Exploratory Data Analysis (EDA) for Natural Language Processing using WordCloud
What is WordCloud?
Many times you might have seen a cloud filled with lots of words in different sizes, which represent the frequency or the importance of each word. This is called Tag Cloud or WordCloud. For this tutorial, you will learn how to create a WordCloud of your own in Python and customize it as you see fit. This tool will be quite handy for exploring text data and making your report more lively.
In this tutorial we will use a wine review dataset taking from Wine Enthusiast website to learn:
- How to create a basic wordcloud from one to several text document
- Adjust color, size and number of text inside your wordcloud
- Mask your wordcloud into any shape of your choice
- Mask your wordcloud into any color pattern of your choice
Prerequisites
You will need to install some packages below:
The numpy
library is one of the most popular and helpful library that is used for handling multi-dimensional arrays and matrices.
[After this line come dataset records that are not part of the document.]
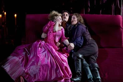 Vtipná virtuózní čísla z Cesty do Remeše, která vyžadují naprosto brilantní souhru nástrojů orchestru, sólistů, sboristů oživila Oryho zjevně a velmi příjemně. Dirigent Maurizio Benini a všichni zúčastnění sólisté byli famózní – Juan Diego Flórez jako Hrabě Ory předvedl svou zatím patrně vrcholnou sebeironizující herecko-pěveckou kreaci v převlecích za poustevníka a za jeptišku, při níž jej režisér nešetřil ani v pohybových eskapádách. Podobně dokonalá pěvecky i herecky byla Joyce DiDonato v kalhotkové roli hraběcího pážete Isoliera, již ztělesnila s neobyčejným šarmem a s pohybovou dokonalostí. Diana Damrau v roli nedobytné hraběnky Adele byla přesvědčivá právě tak. Jen škoda, že její postava měla rysy zcela povrchní „hloupé blondýny“, takže závěrečný happy end s veselým „vítězstvím věrné lásky“ se jaksi nekonal. Putující svůdník v podání Juana Diega byl natolik kouzelný, že virtuózní postelové trio Ory-Adele-Isolier vyznělo spíš jako rozkošná hříčka než jako záměrná hra s prostopášníkem, kterého chceme potrestat. Ale ovšem i tak lze.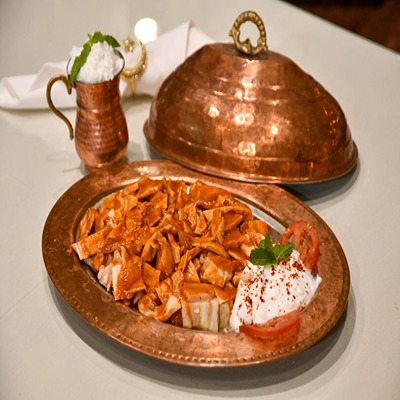 Doner chıcken served on pıta bread wıth butter, yoghurt, tomato sauce,grılled tomato and grıll chili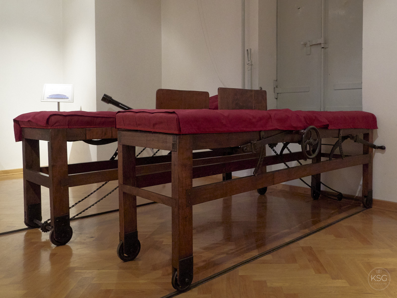 The rooms contain much of the original furniture, and almost all the floors are original parquet as well. Charmingly, there are two beds that kind of resemble posh deck chairs that were used by astronomers to look through the refractor — they needed to lie down and could adjust their position by pulling on some ropes. Usually they would be lying there all day during their scientific efforts, so having a comfortable spot was quite essential! Another little detail I liked is a sort of adjustable high chair, a nifty low-tech solution to the problem of having to adjust the sitting position to different levels depending on where the telescope had to be pointed. I think some of our modern-day furniture stores may have copied this concept…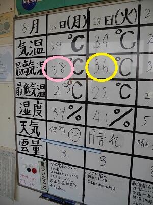 今日は、12時の段階で気温が35.5度になりましたので、昼以降は外遊び、外体育は行いませんでした。

It is also used in combination with Pandas
library to perform data analysis.
The Python os
module is a built-in library so you don't have to install it. To read more about handling files with os module, this DataCamp tutorial will be helpful.
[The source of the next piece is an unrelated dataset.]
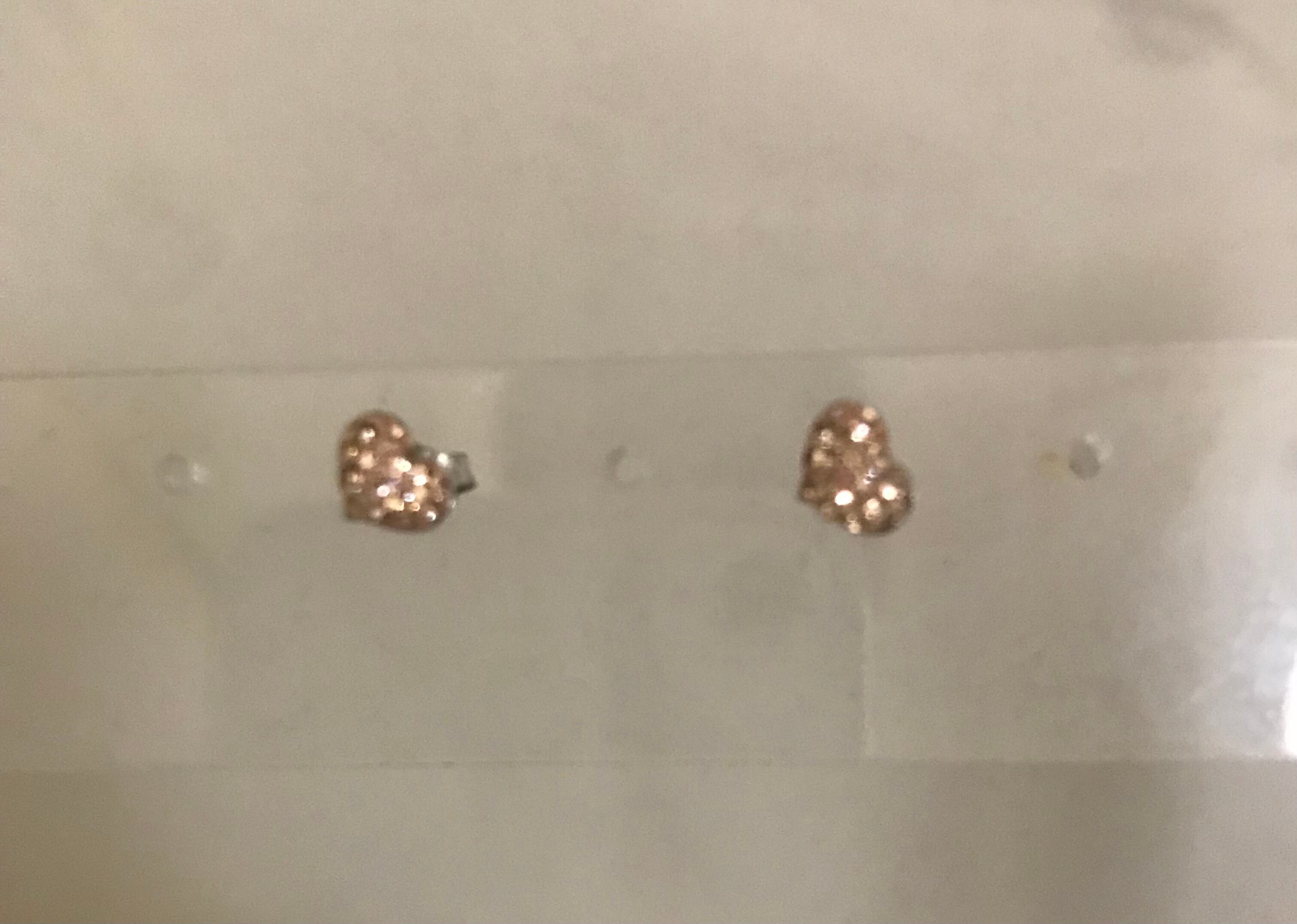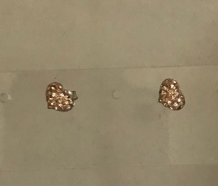 ピンクと黒のラインストーンの男の子の925シルバーハートイヤリング

For visualization, matplotlib
is a basic library that enable many other libraries to run and plot on its base including seaborn
or wordcloud
that you will use in this tutorial. The pillow
library is a package that enable image reading. Its tutorial can be found here. Pillow is a wrapper for PIL - Python Imaging Library. You will need this library to read in image as the mask for the wordcloud.
wordcloud
can be a little tricky to install. If you only need it for plotting a basic wordcloud, then pip install wordcloud
or conda install -c conda-forge wordcloud
would be sufficient. However, the latest version with the ability to mask the cloud into any shape of your choice requires a different method of installation as below:
git clone https://github.com/amueller/word_cloud.git cd word_cloud pip install .
Dataset:
This tutorial uses the wine review dataset from Kaggle. This collection is a great dataset for learning with no missing values (which will take time to handle) and a lot of text (wine reviews), categorical, and numerical data.
Now let's get started!
First thing first, you load all the necessary libraries:
%%capture
!pip install -r requirements.txt
# Start with loading all necessary libraries
import numpy as np
import pandas as pd
from os import path
from PIL import Image
from wordcloud import WordCloud, STOPWORDS, ImageColorGenerator
import matplotlib.pyplot as plt
# % matplotlib inline
If you have more than 10 libraries, organize them by sections (such as basic libs, visualization, models, etc.) using comment in code will make your code clean and easy to follow.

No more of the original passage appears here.